What you have to do -
After locating the line that contains "经典的米色、茶色、温暖中还有" in the data below, set down exactly that line and each one after it through the line that contains "Barndominium on 65", and nothing more.

Working data -

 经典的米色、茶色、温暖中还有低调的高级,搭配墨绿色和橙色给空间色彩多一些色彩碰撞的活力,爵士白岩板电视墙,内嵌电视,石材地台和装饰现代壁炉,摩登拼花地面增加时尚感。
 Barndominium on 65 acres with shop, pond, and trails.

---

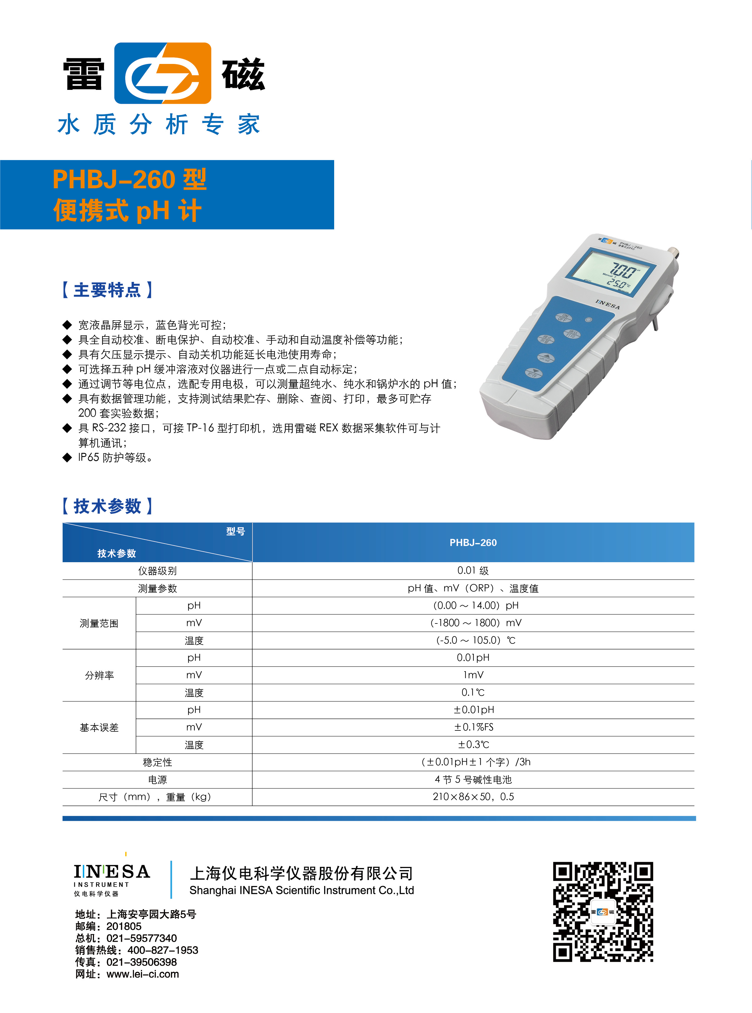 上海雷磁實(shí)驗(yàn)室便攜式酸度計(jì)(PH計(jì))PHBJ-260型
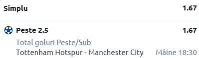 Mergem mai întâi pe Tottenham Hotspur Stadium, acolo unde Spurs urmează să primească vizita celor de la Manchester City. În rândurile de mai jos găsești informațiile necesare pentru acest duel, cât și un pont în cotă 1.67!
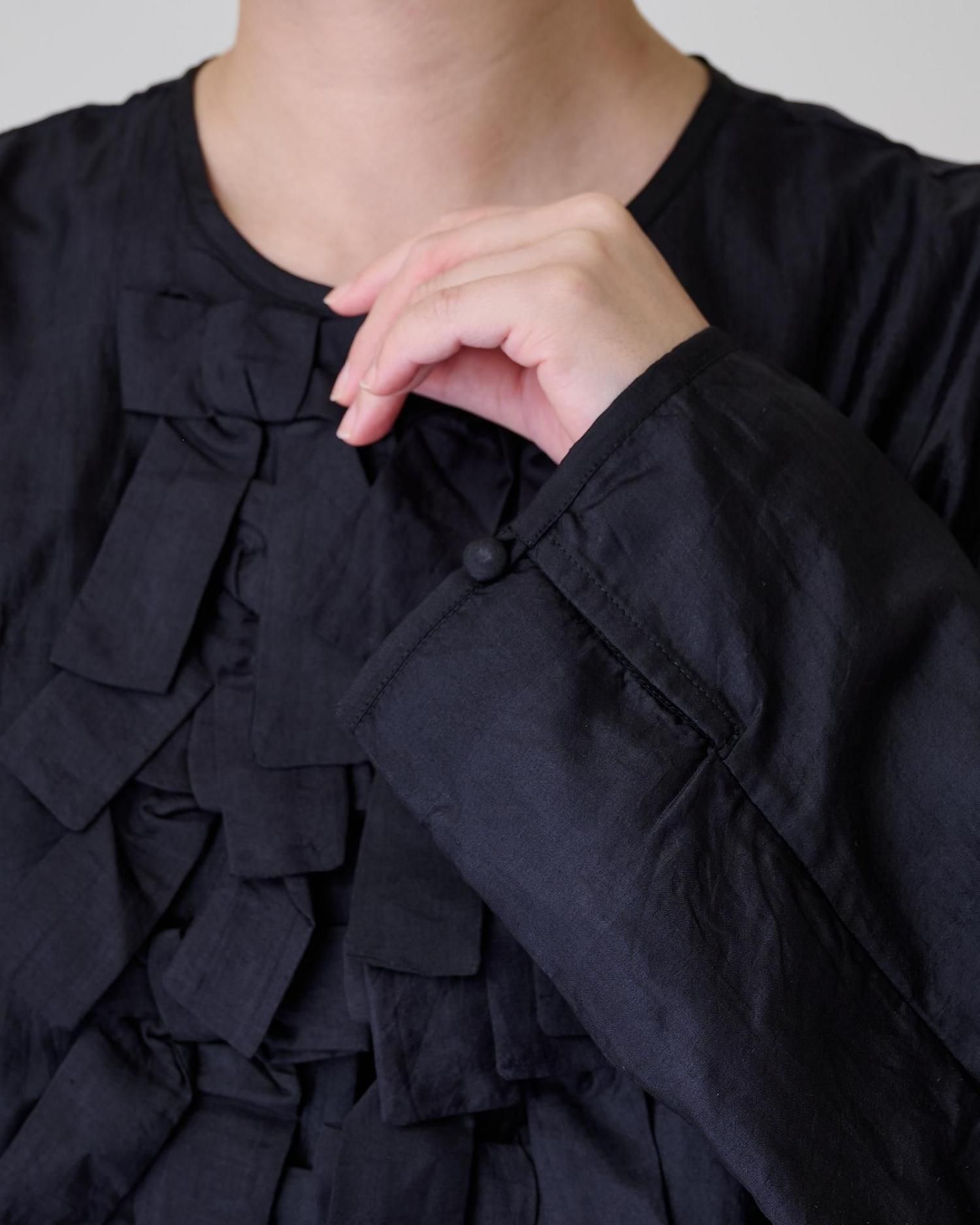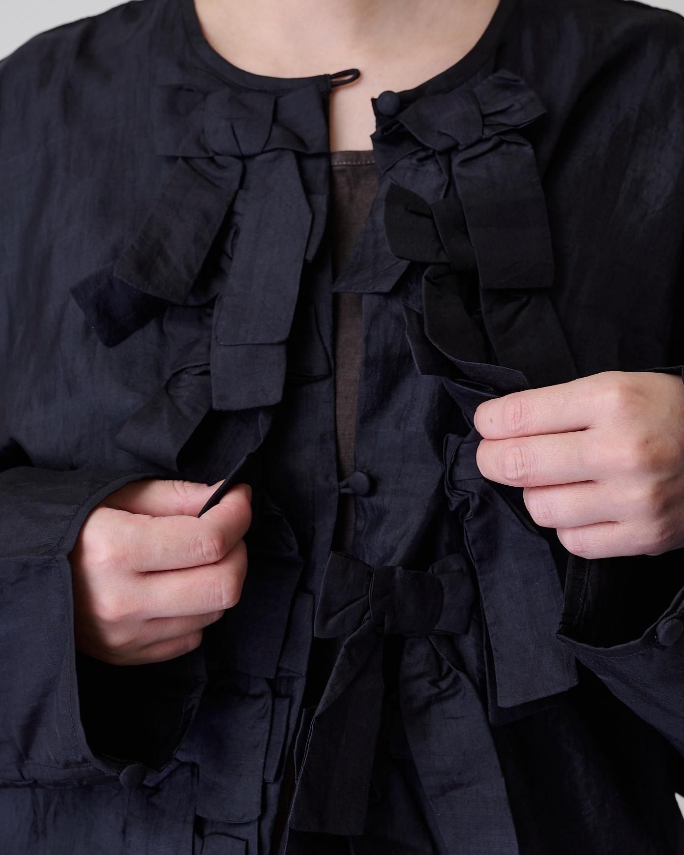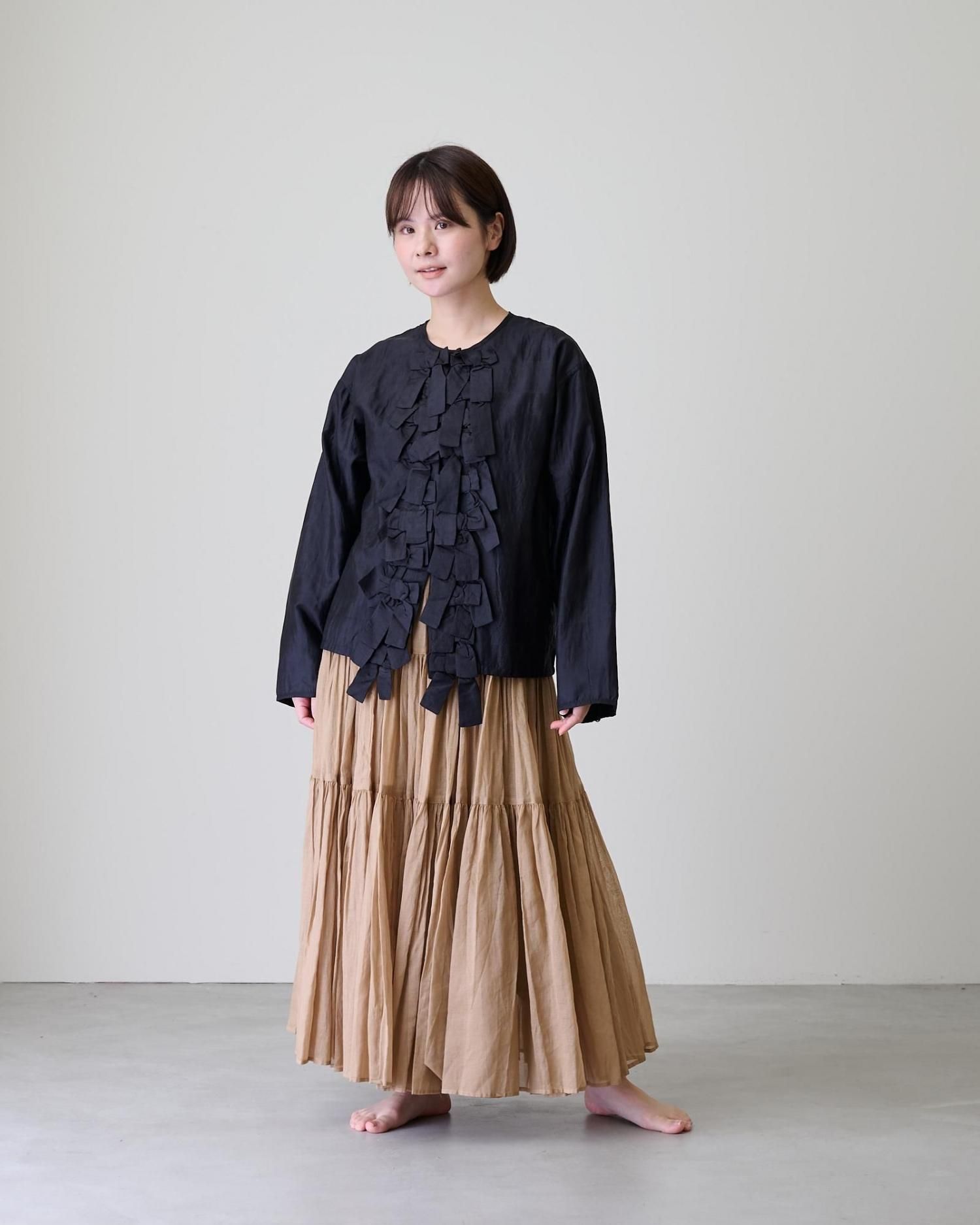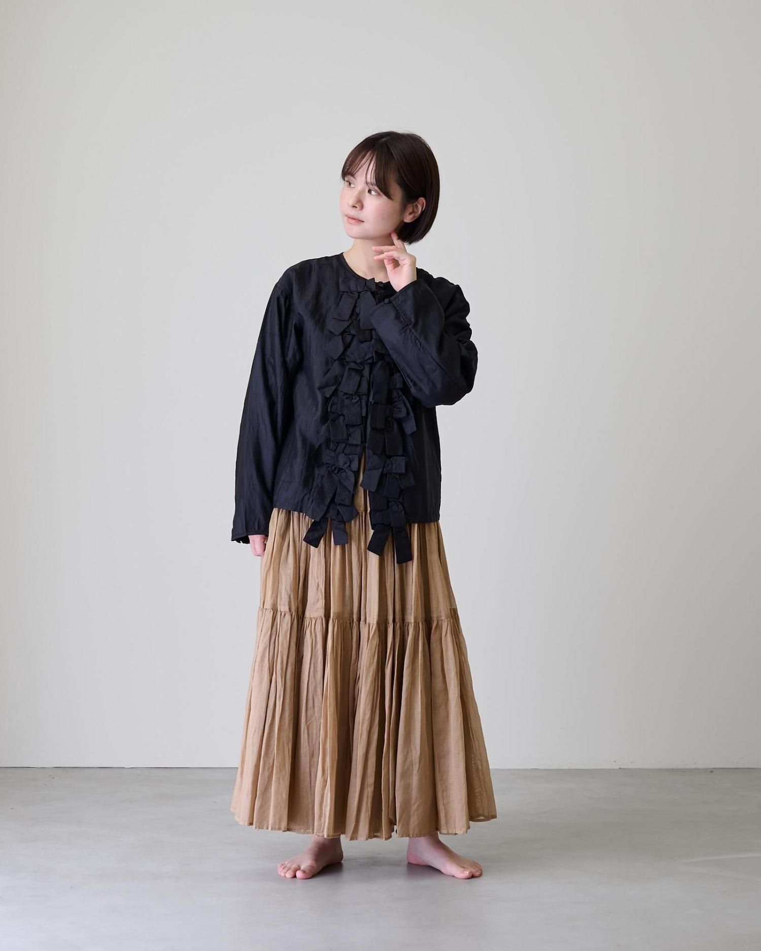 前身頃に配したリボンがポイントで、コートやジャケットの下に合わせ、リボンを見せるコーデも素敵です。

---

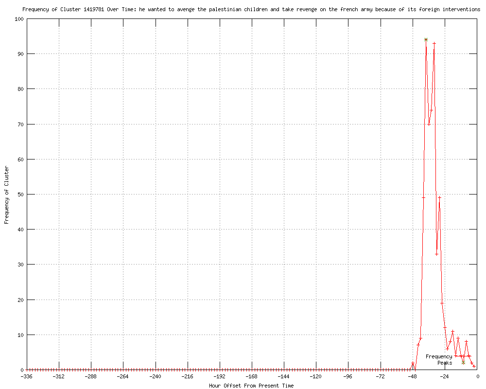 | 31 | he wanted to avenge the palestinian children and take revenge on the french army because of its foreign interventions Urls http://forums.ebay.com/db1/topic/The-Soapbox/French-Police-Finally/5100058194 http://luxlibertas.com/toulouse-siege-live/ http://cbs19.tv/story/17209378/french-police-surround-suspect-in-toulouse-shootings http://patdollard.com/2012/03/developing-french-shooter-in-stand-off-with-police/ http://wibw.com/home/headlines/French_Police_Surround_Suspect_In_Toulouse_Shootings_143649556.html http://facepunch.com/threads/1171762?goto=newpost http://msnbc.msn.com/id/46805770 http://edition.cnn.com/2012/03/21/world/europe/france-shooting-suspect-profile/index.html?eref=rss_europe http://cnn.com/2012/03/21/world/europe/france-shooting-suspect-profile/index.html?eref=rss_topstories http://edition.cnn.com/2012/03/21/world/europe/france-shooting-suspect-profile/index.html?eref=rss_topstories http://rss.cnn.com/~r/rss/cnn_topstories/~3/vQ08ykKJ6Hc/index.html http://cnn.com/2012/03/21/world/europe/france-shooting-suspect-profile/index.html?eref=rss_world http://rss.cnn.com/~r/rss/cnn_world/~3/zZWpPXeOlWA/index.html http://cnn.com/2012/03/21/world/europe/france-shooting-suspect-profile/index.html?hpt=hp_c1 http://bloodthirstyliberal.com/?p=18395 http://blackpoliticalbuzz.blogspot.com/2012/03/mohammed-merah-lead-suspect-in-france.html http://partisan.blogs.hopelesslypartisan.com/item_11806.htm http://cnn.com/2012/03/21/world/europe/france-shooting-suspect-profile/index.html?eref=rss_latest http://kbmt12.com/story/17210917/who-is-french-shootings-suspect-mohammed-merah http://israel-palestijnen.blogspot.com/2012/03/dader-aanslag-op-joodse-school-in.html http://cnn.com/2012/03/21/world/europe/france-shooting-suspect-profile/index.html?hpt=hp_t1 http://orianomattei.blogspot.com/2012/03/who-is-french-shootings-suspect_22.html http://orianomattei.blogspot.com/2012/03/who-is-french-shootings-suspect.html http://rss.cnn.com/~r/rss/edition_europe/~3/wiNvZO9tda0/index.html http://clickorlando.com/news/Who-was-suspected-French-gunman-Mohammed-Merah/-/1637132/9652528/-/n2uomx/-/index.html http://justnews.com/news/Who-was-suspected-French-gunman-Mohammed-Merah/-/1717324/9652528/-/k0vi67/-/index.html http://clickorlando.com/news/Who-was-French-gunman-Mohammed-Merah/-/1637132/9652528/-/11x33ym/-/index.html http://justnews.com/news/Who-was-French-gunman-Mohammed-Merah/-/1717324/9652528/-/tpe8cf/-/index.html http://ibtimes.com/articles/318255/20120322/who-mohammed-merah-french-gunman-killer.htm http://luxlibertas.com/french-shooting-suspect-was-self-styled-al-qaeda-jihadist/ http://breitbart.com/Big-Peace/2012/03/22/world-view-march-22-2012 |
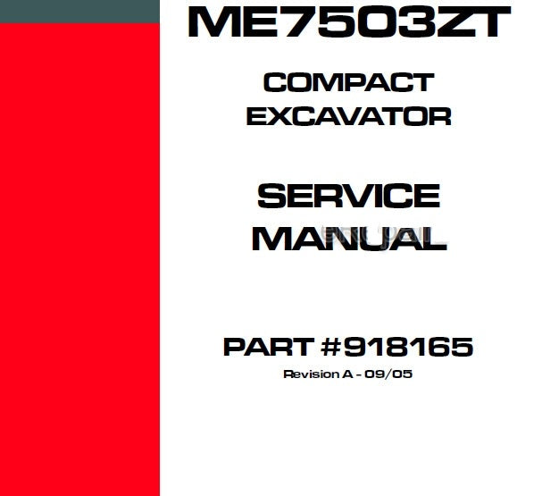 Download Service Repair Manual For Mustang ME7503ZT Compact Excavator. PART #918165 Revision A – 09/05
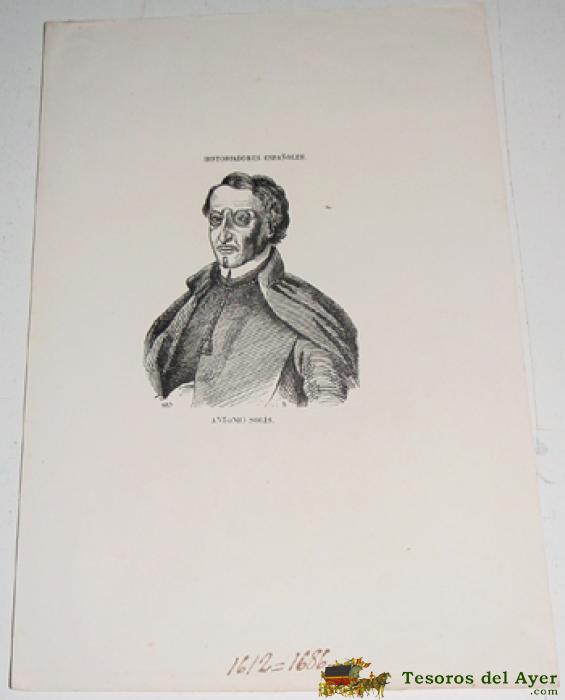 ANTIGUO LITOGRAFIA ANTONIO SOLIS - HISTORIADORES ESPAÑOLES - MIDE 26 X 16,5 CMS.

Exercise solution -
 经典的米色、茶色、温暖中还有低调的高级,搭配墨绿色和橙色给空间色彩多一些色彩碰撞的活力,爵士白岩板电视墙,内嵌电视,石材地台和装饰现代壁炉,摩登拼花地面增加时尚感。
 Barndominium on 65 acres with shop, pond, and trails.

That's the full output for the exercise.